Cost Savings Dashboard

✨ Key Features

Feature Description
🔮 Predictive Scaling LSTM & Prophet models forecast traffic 15-60 minutes ahead
Hybrid Policy Engine Combines reactive thresholds with ML predictions
💰 Cost Optimization Tracks savings vs. max-replicas baseline
🛡️ SLA Monitoring Real-time compliance tracking with alerts
📊 REST API FastAPI with auto-generated Swagger docs
🐳 Fully Containerized Docker + Kubernetes + Helm ready
🧪 Comprehensive Tests Unit tests for every component
🔄 CI/CD Pipeline GitHub Actions with lint, test, build

🏗️ Architecture

┌──────────────┐     ┌──────────────┐      ┌──────────────────┐
│  Target App  │────▶│  Prometheus  │────▶│ Metrics Collector│
│  (Flask)     │     │              │      │ (→ InfluxDB)     │
└──────┬───────┘     └──────────────┘      └────────┬─────────┘
       │                                           │
       │  ┌──────────────────────────────────────┐ │
       │  │         ML Predictor                 │ │
       │  │  (Prophet + LSTM Traffic Forecast)   │◀┘
       │  └────────────────┬─────────────────────┘
       │                   │
       │  ┌────────────────▼─────────────────────┐
       │  │         Scaling Engine               │
       │  │  (Hybrid Policy + K8s Controller)    │
       │  │  (Cost Optimizer + SLA Monitor)      │
       │  └────────────────┬─────────────────────┘
       │                   │
       ▼                   ▼
  ┌─────────┐      ┌─────────────┐       ┌──────────┐
  │ K8s HPA │◀─────│  REST API   │◀─────│ Dashboard│
  │(Patched)│      │  (FastAPI)  │       │ (React)  │
  └─────────┘      └─────────────┘       └──────────┘

📁 Project Structure

├── target-app/          # Flask workload with Prometheus metrics
├── metrics-collector/   # Prometheus → InfluxDB pipeline
├── ml-predictor/        # Prophet + LSTM traffic prediction
├── scaling-engine/      # Hybrid policy + K8s HPA controller
├── api-server/          # FastAPI REST API (15+ endpoints)
├── dashboard/           # React dashboard (Vite + Recharts)
├── helm/                # Helm chart for one-command deployment
├── infra/               # K8s manifests, Prometheus, InfluxDB, Grafana
├── load-testing/        # Locust traffic simulation
├── .github/workflows/   # CI/CD pipeline (lint + test + docker build)
└── docker-compose.yml   # Local development environment

🚀 Quick Start

Prerequisites

Requirement Version Notes
Git Any To clone the repository
Docker Desktop 4.x+ Must be running before starting
Docker Compose v2+ Included with Docker Desktop
Node.js 20+ Only needed for dashboard dev mode (optional)

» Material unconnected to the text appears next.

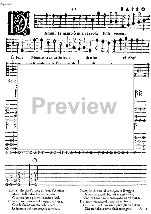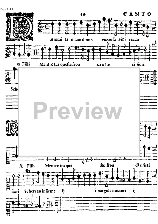 Digital Sheet Music for Dammi la mano, o mia vezzosa Filli by , Alessandro Orologio scored for 2 Sopranos/Bass/Lute; id:331257

Windows Users: Make sure Docker Desktop is set to use Linux containers (default). WSL 2 backend is recommended for better performance.

Clone & Run (First Time)

# 1. Clone the repo
git clone https://github.com/Ashish241/KubASIE.git
cd k8s-autoscaling-engine

# 2. Build and start all services (first build takes ~10 min for ML dependencies)
docker-compose up --build -d

# 3. Wait for all services to become healthy (~60-90 seconds)
docker-compose ps

# 4. Train the ML models (required on first run)
docker exec ml-predictor python train.py --source synthetic --days 7

# 5. Restart ml-predictor to load the trained models
docker restart ml-predictor

# 6. Open the dashboard
#    http://localhost:3000

Note: Step 4-5 only need to be run on first setup or after running docker-compose down -v (which deletes data volumes). The trained models are persisted in a Docker volume and survive normal docker-compose down / docker-compose up cycles.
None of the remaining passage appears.